**Task description**
I'd like the entries repeated exactly, without their pictures.

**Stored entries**
..........

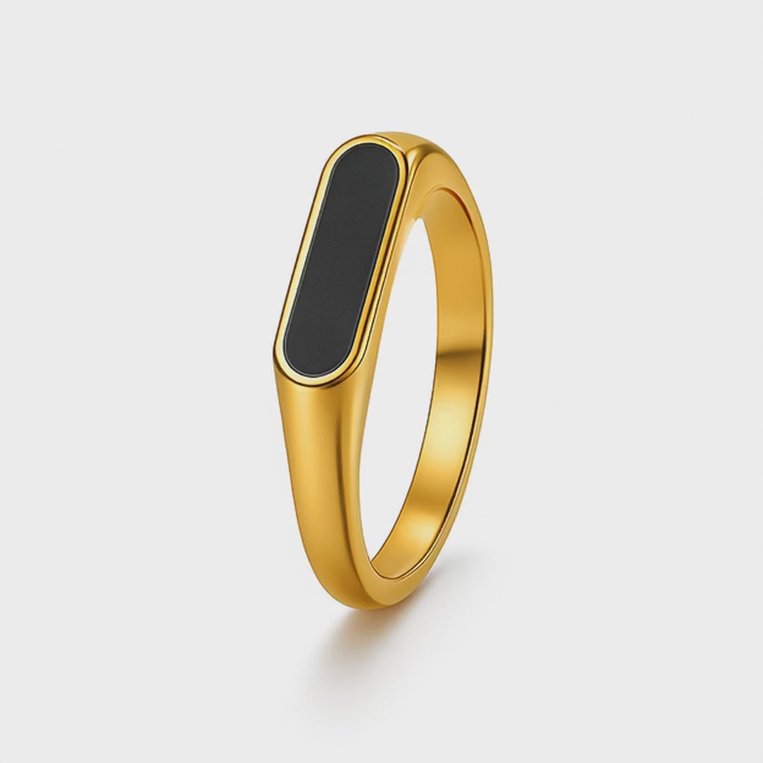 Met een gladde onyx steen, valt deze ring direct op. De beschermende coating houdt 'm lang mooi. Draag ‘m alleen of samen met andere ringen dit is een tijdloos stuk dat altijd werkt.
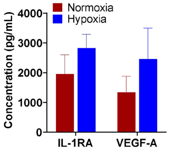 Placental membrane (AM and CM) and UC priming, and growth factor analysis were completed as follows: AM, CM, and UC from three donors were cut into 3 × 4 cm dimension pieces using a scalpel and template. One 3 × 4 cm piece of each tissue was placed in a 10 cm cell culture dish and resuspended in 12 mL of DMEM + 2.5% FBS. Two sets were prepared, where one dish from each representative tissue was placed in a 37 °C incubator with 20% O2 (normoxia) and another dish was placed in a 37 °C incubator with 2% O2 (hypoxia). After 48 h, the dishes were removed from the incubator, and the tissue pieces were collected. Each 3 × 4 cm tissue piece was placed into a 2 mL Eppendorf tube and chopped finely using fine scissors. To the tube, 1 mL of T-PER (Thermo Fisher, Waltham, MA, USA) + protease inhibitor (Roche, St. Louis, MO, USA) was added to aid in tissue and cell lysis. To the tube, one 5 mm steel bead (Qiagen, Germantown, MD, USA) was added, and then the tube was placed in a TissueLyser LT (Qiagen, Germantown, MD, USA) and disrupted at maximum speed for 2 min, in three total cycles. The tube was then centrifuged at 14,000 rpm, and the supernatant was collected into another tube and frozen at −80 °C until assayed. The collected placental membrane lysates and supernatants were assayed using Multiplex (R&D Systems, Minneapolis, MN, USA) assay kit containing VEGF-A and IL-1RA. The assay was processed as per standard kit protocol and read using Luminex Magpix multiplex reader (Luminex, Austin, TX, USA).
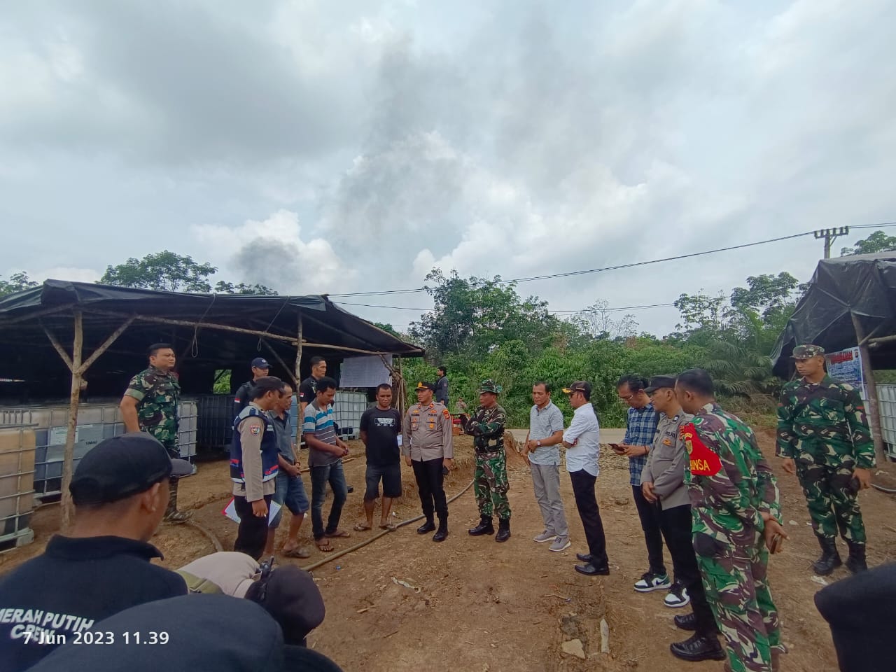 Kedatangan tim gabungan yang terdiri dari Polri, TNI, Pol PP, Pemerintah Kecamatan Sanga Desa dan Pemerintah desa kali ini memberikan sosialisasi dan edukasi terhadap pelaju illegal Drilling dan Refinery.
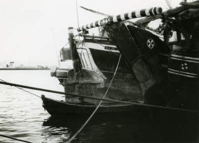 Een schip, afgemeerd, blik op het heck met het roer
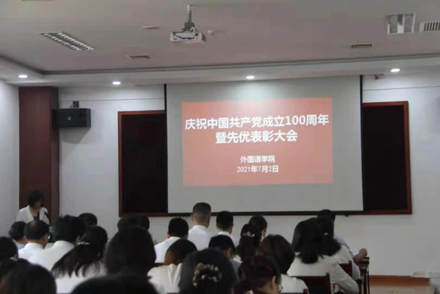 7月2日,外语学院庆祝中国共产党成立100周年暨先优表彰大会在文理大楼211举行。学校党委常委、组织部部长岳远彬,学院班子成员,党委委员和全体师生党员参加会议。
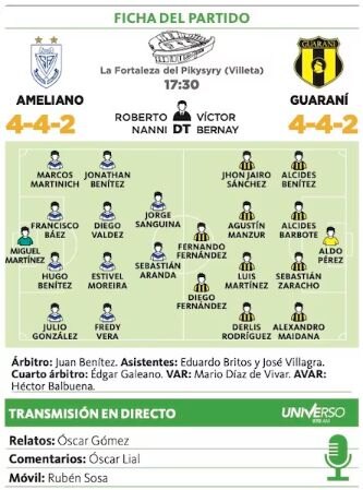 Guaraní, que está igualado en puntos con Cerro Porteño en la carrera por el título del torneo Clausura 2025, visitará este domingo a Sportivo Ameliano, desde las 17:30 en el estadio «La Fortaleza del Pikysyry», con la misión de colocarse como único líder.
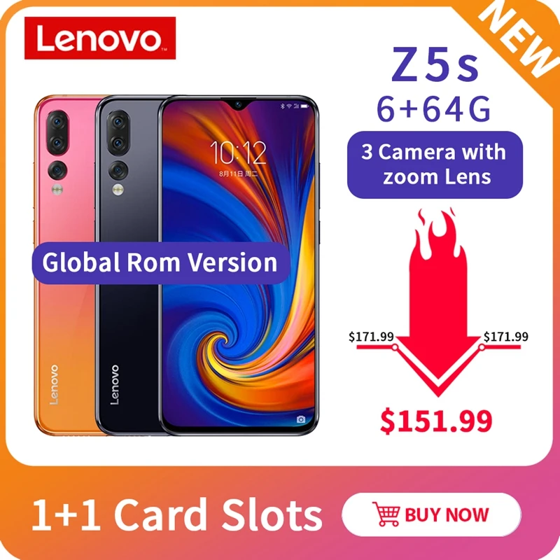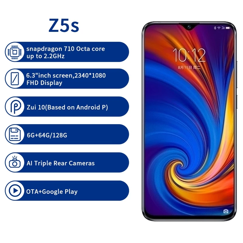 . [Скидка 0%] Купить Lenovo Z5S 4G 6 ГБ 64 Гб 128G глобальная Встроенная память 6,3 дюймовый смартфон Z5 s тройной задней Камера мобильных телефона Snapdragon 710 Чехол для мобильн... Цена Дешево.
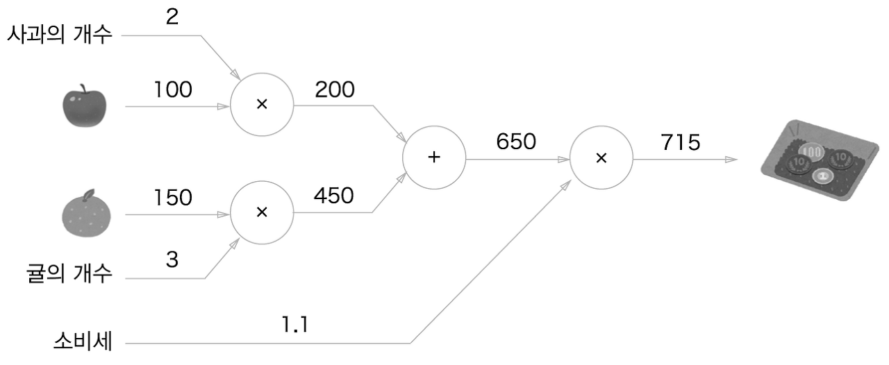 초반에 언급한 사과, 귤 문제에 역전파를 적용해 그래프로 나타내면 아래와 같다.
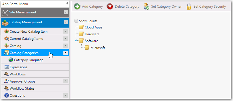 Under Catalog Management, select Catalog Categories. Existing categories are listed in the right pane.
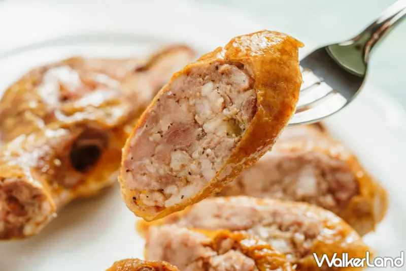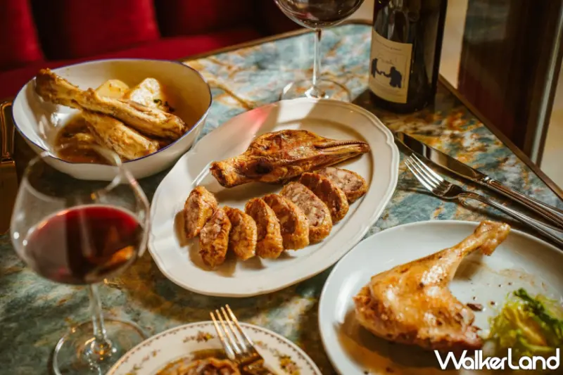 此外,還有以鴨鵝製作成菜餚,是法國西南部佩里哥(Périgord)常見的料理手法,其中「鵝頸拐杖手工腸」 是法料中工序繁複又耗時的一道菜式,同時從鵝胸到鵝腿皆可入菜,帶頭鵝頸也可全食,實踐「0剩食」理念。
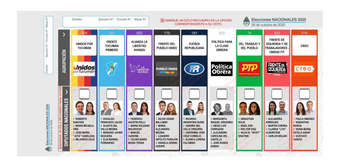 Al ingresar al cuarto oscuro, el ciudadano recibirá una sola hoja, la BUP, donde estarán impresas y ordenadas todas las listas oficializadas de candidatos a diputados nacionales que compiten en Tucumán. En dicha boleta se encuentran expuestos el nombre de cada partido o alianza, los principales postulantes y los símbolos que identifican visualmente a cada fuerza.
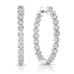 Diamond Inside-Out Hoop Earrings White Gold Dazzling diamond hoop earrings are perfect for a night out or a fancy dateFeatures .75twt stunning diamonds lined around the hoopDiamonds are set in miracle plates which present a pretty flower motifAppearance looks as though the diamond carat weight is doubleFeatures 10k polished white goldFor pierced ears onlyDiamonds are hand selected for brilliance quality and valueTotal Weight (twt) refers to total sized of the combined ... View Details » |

..........

**Answer area**
 Met een gladde onyx steen, valt deze ring direct op. De beschermende coating houdt 'm lang mooi. Draag ‘m alleen of samen met andere ringen dit is een tijdloos stuk dat altijd werkt.
 Placental membrane (AM and CM) and UC priming, and growth factor analysis were completed as follows: AM, CM, and UC from three donors were cut into 3 × 4 cm dimension pieces using a scalpel and template. One 3 × 4 cm piece of each tissue was placed in a 10 cm cell culture dish and resuspended in 12 mL of DMEM + 2.5% FBS. Two sets were prepared, where one dish from each representative tissue was placed in a 37 °C incubator with 20% O2 (normoxia) and another dish was placed in a 37 °C incubator with 2% O2 (hypoxia). After 48 h, the dishes were removed from the incubator, and the tissue pieces were collected. Each 3 × 4 cm tissue piece was placed into a 2 mL Eppendorf tube and chopped finely using fine scissors. To the tube, 1 mL of T-PER (Thermo Fisher, Waltham, MA, USA) + protease inhibitor (Roche, St. Louis, MO, USA) was added to aid in tissue and cell lysis. To the tube, one 5 mm steel bead (Qiagen, Germantown, MD, USA) was added, and then the tube was placed in a TissueLyser LT (Qiagen, Germantown, MD, USA) and disrupted at maximum speed for 2 min, in three total cycles. The tube was then centrifuged at 14,000 rpm, and the supernatant was collected into another tube and frozen at −80 °C until assayed. The collected placental membrane lysates and supernatants were assayed using Multiplex (R&D Systems, Minneapolis, MN, USA) assay kit containing VEGF-A and IL-1RA. The assay was processed as per standard kit protocol and read using Luminex Magpix multiplex reader (Luminex, Austin, TX, USA).
 Kedatangan tim gabungan yang terdiri dari Polri, TNI, Pol PP, Pemerintah Kecamatan Sanga Desa dan Pemerintah desa kali ini memberikan sosialisasi dan edukasi terhadap pelaju illegal Drilling dan Refinery.
 Een schip, afgemeerd, blik op het heck met het roer
 7月2日,外语学院庆祝中国共产党成立100周年暨先优表彰大会在文理大楼211举行。学校党委常委、组织部部长岳远彬,学院班子成员,党委委员和全体师生党员参加会议。
 Guaraní, que está igualado en puntos con Cerro Porteño en la carrera por el título del torneo Clausura 2025, visitará este domingo a Sportivo Ameliano, desde las 17:30 en el estadio «La Fortaleza del Pikysyry», con la misión de colocarse como único líder.
 . [Скидка 0%] Купить Lenovo Z5S 4G 6 ГБ 64 Гб 128G глобальная Встроенная память 6,3 дюймовый смартфон Z5 s тройной задней Камера мобильных телефона Snapdragon 710 Чехол для мобильн... Цена Дешево.
 초반에 언급한 사과, 귤 문제에 역전파를 적용해 그래프로 나타내면 아래와 같다.
 Under Catalog Management, select Catalog Categories. Existing categories are listed in the right pane.
 此外,還有以鴨鵝製作成菜餚,是法國西南部佩里哥(Périgord)常見的料理手法,其中「鵝頸拐杖手工腸」 是法料中工序繁複又耗時的一道菜式,同時從鵝胸到鵝腿皆可入菜,帶頭鵝頸也可全食,實踐「0剩食」理念。
 Al ingresar al cuarto oscuro, el ciudadano recibirá una sola hoja, la BUP, donde estarán impresas y ordenadas todas las listas oficializadas de candidatos a diputados nacionales que compiten en Tucumán. En dicha boleta se encuentran expuestos el nombre de cada partido o alianza, los principales postulantes y los símbolos que identifican visualmente a cada fuerza.
 Diamond Inside-Out Hoop Earrings White Gold Dazzling diamond hoop earrings are perfect for a night out or a fancy dateFeatures .75twt stunning diamonds lined around the hoopDiamonds are set in miracle plates which present a pretty flower motifAppearance looks as though the diamond carat weight is doubleFeatures 10k polished white goldFor pierced ears onlyDiamonds are hand selected for brilliance quality and valueTotal Weight (twt) refers to total sized of the combined ... View Details » |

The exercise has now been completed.